======== Provided entries ========
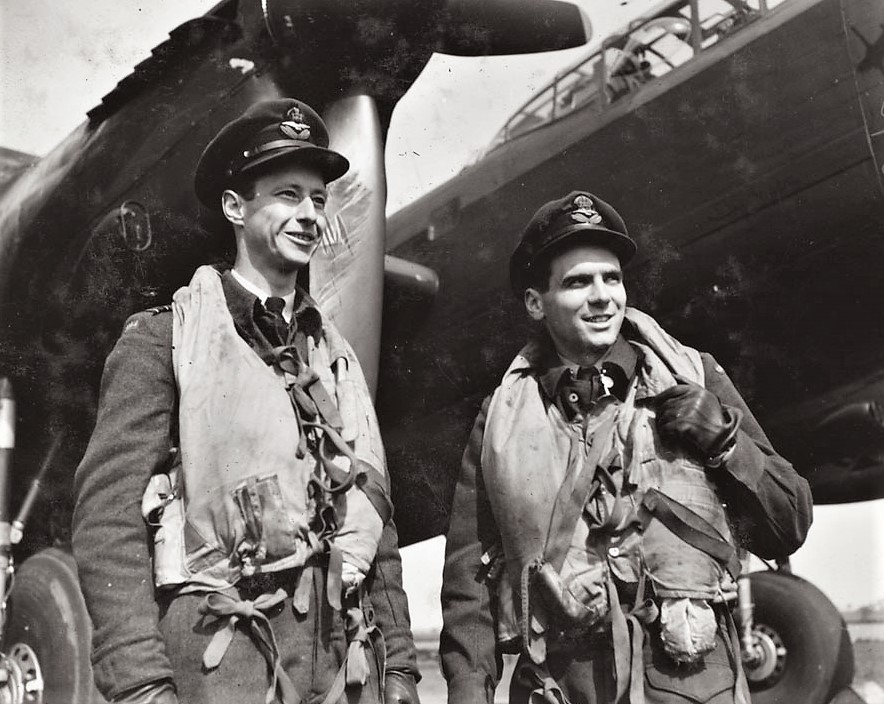 After a tour on operations on the same RAF Lancaster crew. F/L Art H. Murton, left, pilot, has been posted back to Canada. His navigator, F/O H.M. Bertling, right, remains in Britain to instruct at an OTU. They specialized in mine laying, which required a high degree of bombing skill. F/L Art Murton received the DFC effective 30 October. He was with the RAF’s No. 103 ( B ) Squadron.
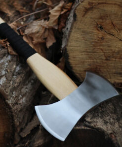- Balanced double bladed axe – thrown with two hands, yet small enough to generate great speed, along with a firm impact weight.
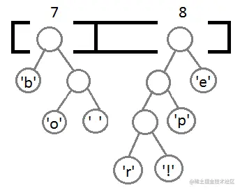 接下来就是我们的算法——把这个Priority Queue 转成二叉树。我们始终从queue的头取两个元素来构造一个二叉树(第一个元素是左结点,第二个是右结点),并把这两个元素的priority相加,并放回Priority中(再次注意,这里的Priority就是字符出现的次数),然后,我们得到下面的数据图表:
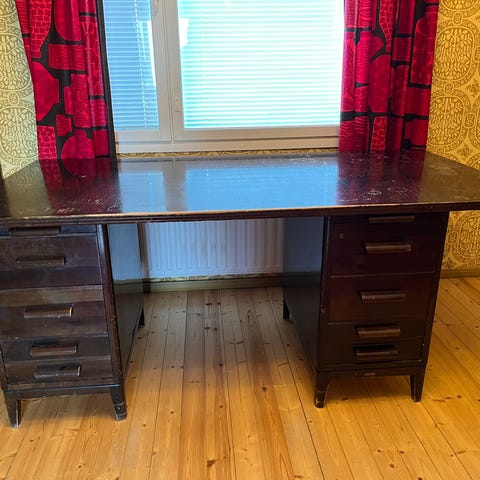 Myydään antiikkityöpöytä laatikolla. Laatikolta yksi kisko puuttuu, mutta pysyy paikoillaan, joten ei painavia asioita kestä. Leveys 109cm, korkeus 74,5cm.
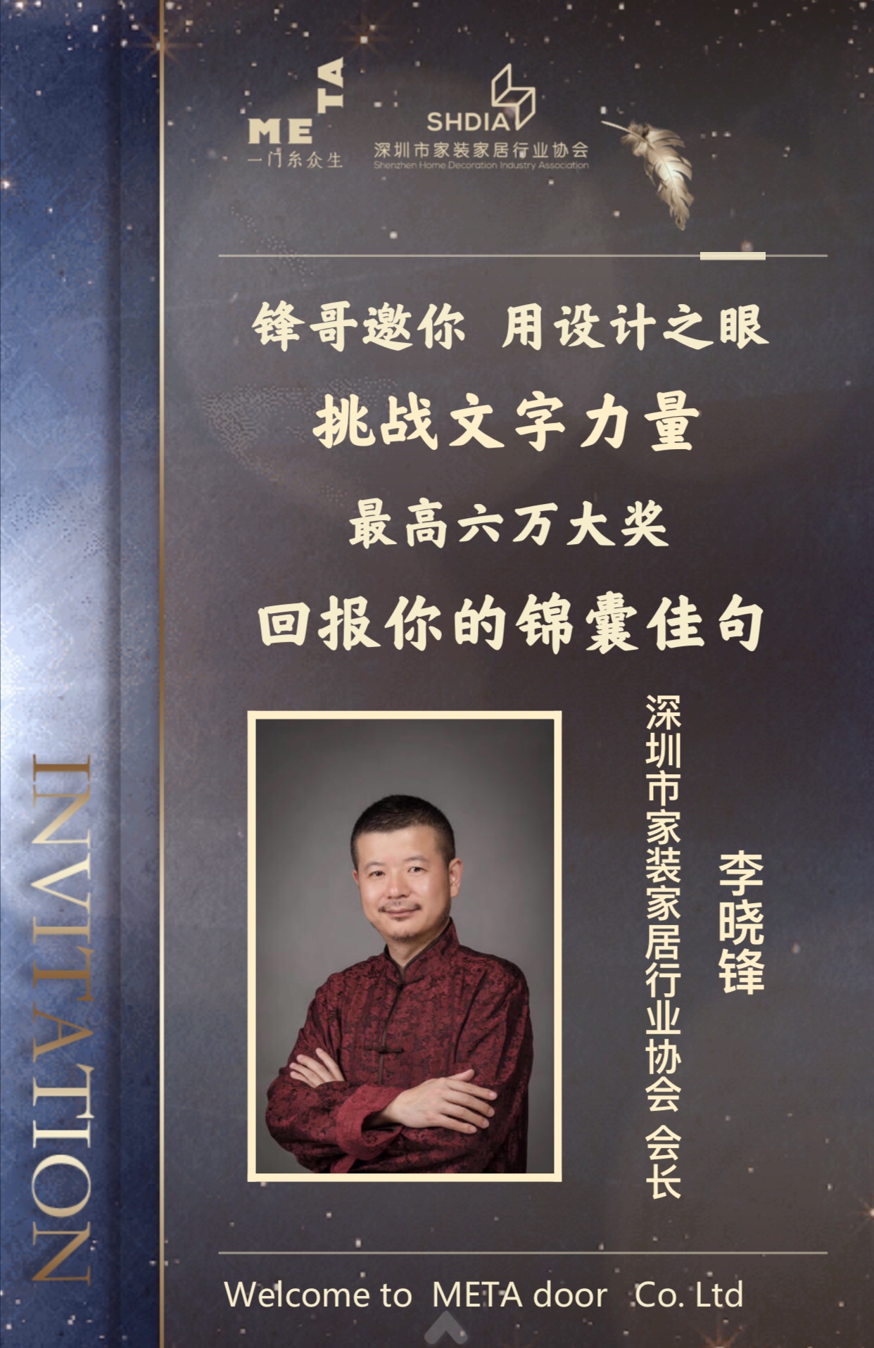 品牌為產(chǎn)品賦予生命動(dòng)力,廣告為品牌注入創(chuàng)新活力。富有創(chuàng)意的廣告語(yǔ)能讓品牌在市場(chǎng)上快速建立辨識(shí)度,搶占市場(chǎng)先機(jī)。家居設(shè)計(jì)師既有對(duì)建材之美的慧眼獨(dú)具,也有豐富的設(shè)計(jì)靈感,但設(shè)計(jì)師的能力絕不僅限于此。深圳市家裝家居行業(yè)協(xié)會(huì)李曉鋒會(huì)長(zhǎng)表示:很多人說設(shè)計(jì)師動(dòng)手能力很強(qiáng),語(yǔ)言功能比較弱化,我認(rèn)為設(shè)計(jì)師的能力遠(yuǎn)不限于此,所以借此機(jī)會(huì)邀請(qǐng)全國(guó)設(shè)計(jì)師用設(shè)計(jì)之眼挑戰(zhàn)文字力量。
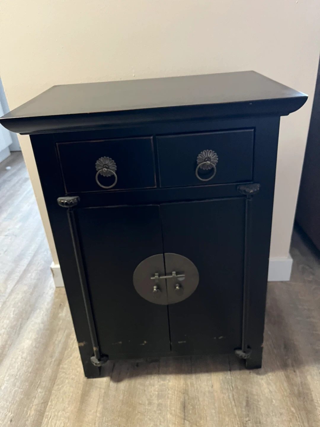 Selling a black cabinet with Asian-inspired design. It has two drawers at the top and a cabinet with a round metal latch. There are some signs of wear on the bottom, as shown in the pictures.
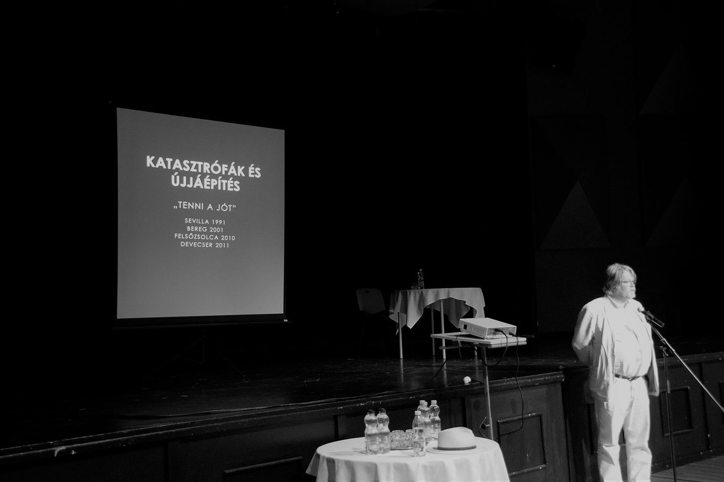 Turi Attila előadása (Katasztrófák és újjáépítés) a sevillai pavilon építéséről, a KKE és a Vándoriskola beregi- , borsodi árvízi, és a vörösiszap-katasztrófa utáni munkájáról szólt, kiemelve az építészeti feladatokon túl a közösségépítés felelősségét is.
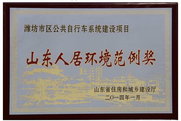 熱烈祝賀濰坊市區公共自行車系統建設項目獲山東人居環境范例獎!濰坊市公共自行車項目由常州永安公共自行車系統股份有限公司承建。
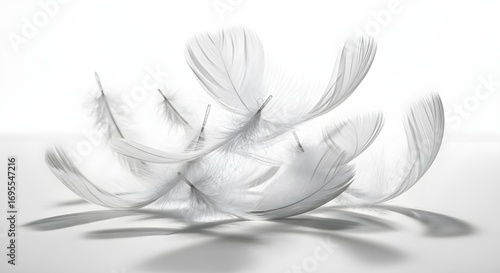 A cluster of delicate white feathers softly scattered, casting gentle shadows on a bright background.
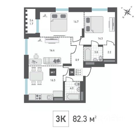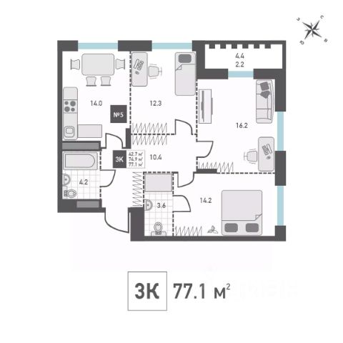 Одна комната - окнами на восход, для жаворонков, другая - на запад и уютный дворик с детской площадкой. Самая большая комната идеально подойдёт для душевных встреч в кругу семьи. Также имеется просторная кухня 9,3 кв.м., два балкона, раздельный санузел и вместительная ниша в прихожей для организации хранения - всё, что нужно для новой комфортной жизни!
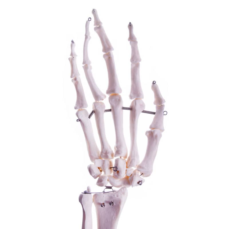 The HeineScientific arm skeleton shows the detailed bone structure of an upper limb from the knuckles to the humeral head. The individual bones are connected with each other by wires allowing them to be moved to some extent.
========
**Task details:** Please retype, exactly as they appear, the lines from the one with "Одна комната - окнами" through the final line of the material, both included, and drop any pictures.

**Answer for this exercise:**
 Одна комната - окнами на восход, для жаворонков, другая - на запад и уютный дворик с детской площадкой. Самая большая комната идеально подойдёт для душевных встреч в кругу семьи. Также имеется просторная кухня 9,3 кв.м., два балкона, раздельный санузел и вместительная ниша в прихожей для организации хранения - всё, что нужно для новой комфортной жизни!
 The HeineScientific arm skeleton shows the detailed bone structure of an upper limb from the knuckles to the humeral head. The individual bones are connected with each other by wires allowing them to be moved to some extent.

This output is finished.